• EXERCISE DETAILS:
Restate, exactly as written, the entries below from the line that holds "pending material panel." through the line that holds "De deelnemer met". Pictures are not part of the copy.

• EXTRACTED DATA:
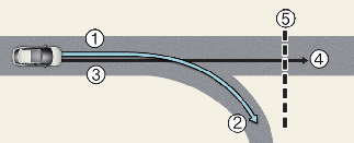 Si le virage est trop grand ou trop petit, le contrôle de conduite intelligente basé sur la navigation peut ne pas fonctionner.
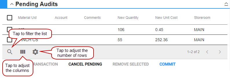 • Tap the gear icon to adjust the number of rows shown in the panel. The number set in this panel will persist on all other transaction pages for the corresponding pending material panel.
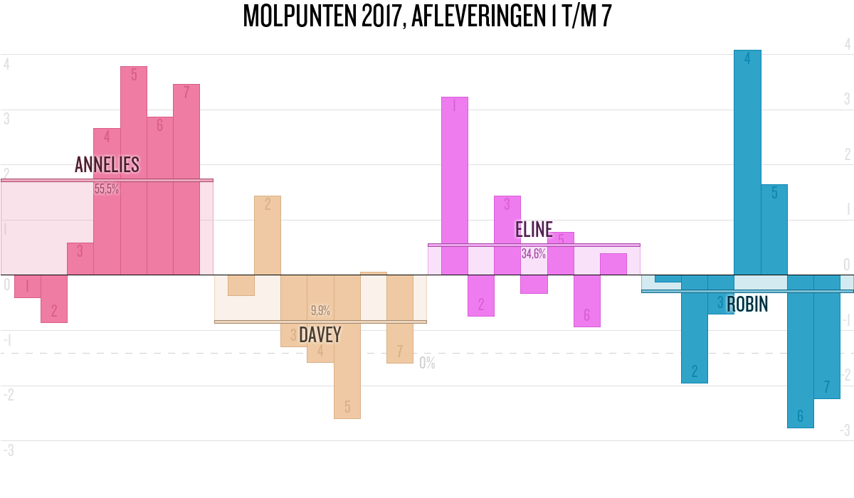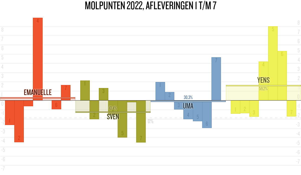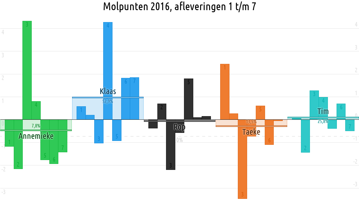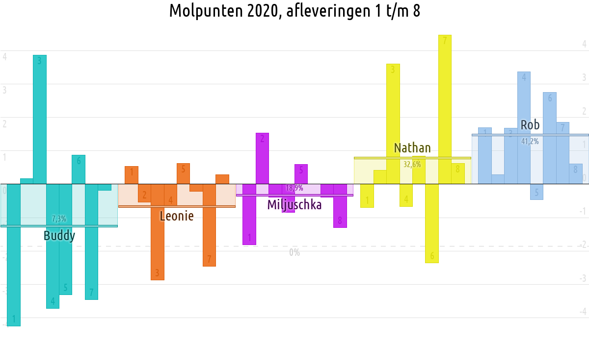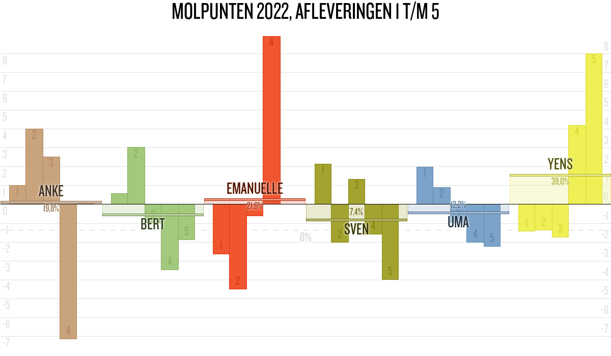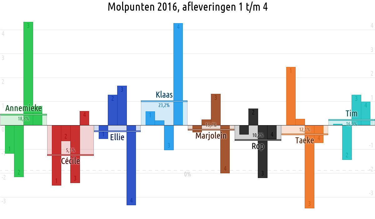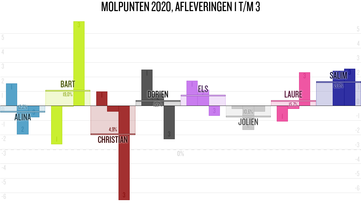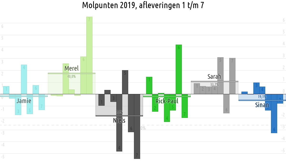 De deelnemer met de meeste molpunten is dus volgens deze theorie de mol.
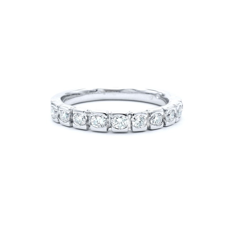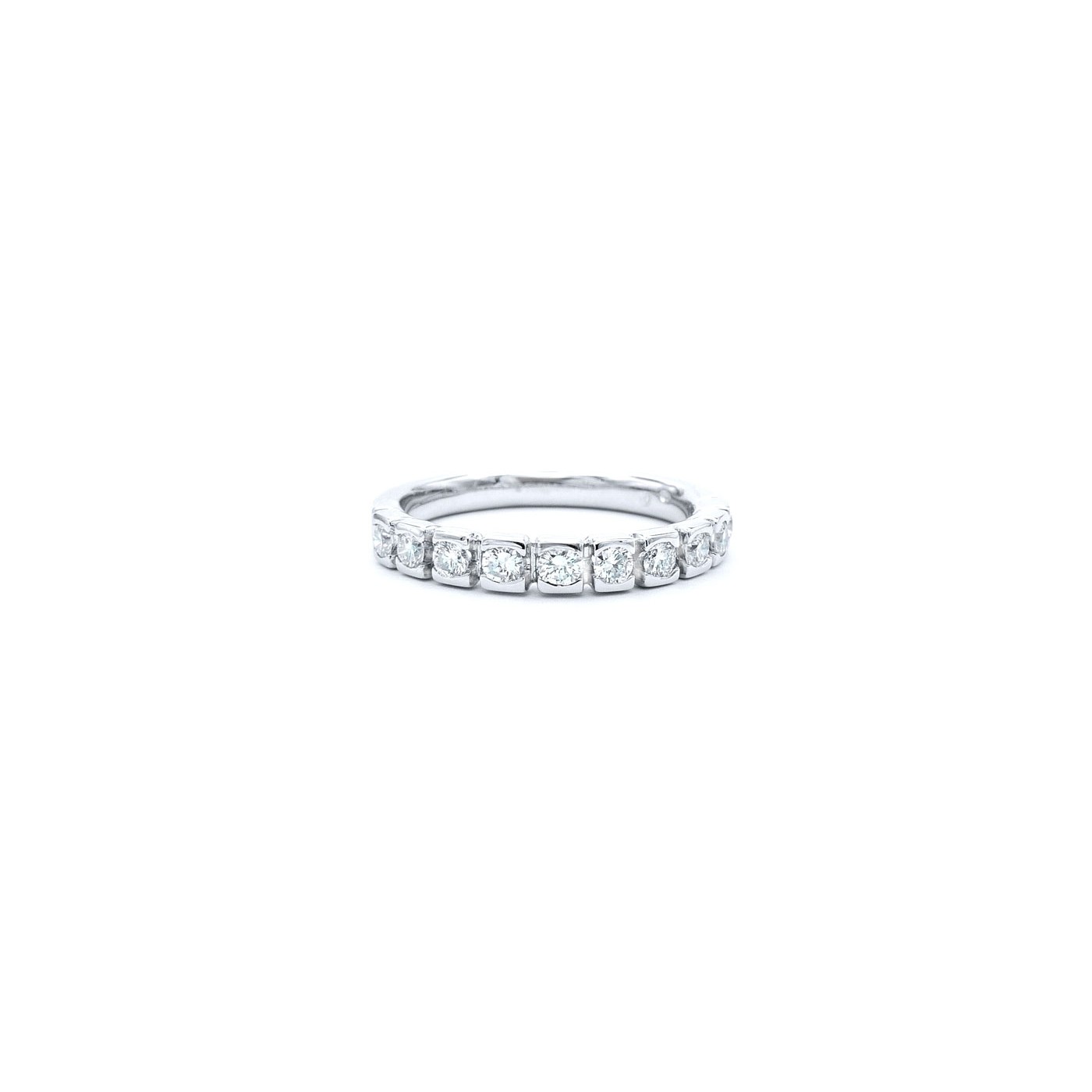 Alianza de brillantes. Alianza de 10 brillantes engastados en un semi chatón cuadrado. De perfil se ven las separaciones formando un dibujo original. Alianza especial y cómoda para el día a día. Perfecta como anillo de pedida de mano o como regalo de aniversario.
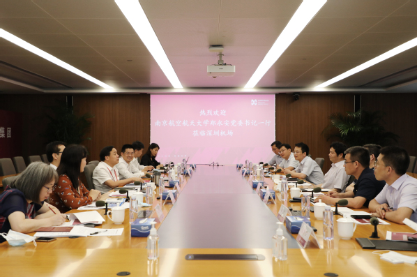 深圳市政府副市长聂新平,宝安区区长郭子平,深圳机场集团党委书记、董事长郑洪波,党委副书记陈敏生,副总经理王穗初对郑永安一行表示欢迎。聂新平充分肯定了我校坚持“三航”特色发展所取得的办学成绩。他指出,南航深圳研究院筹建要在服务国际一流航空枢纽,促进深圳航空产业集群发展,加深与本土企业交融合作中找准定位,为实现自身成长与服务区域经济发展作出贡献。郑洪波希望学校在毕业生输送、干部职工培训、机场教育基地建设等方面给予更多支持。郑永安表示,南航将依托国家重点实验室、研究中心等重大平台,进一步发挥人才、科研、学科专业等集聚优势,加快推进与在深高校、科研机构的合作,为南航深圳研究院落地奠定良好基础。同时,作为与民航系统联系最紧密的高校,南航将继续加强与机场集团的深度合作,在民航运营、机务维修、空港建设、教育基地等方面提供支撑服务,为民航高质量发展建设作出更大贡献。

• RESPONSE FOR THIS EXERCISE:
 • Tap the gear icon to adjust the number of rows shown in the panel. The number set in this panel will persist on all other transaction pages for the corresponding pending material panel.
 De deelnemer met de meeste molpunten is dus volgens deze theorie de mol.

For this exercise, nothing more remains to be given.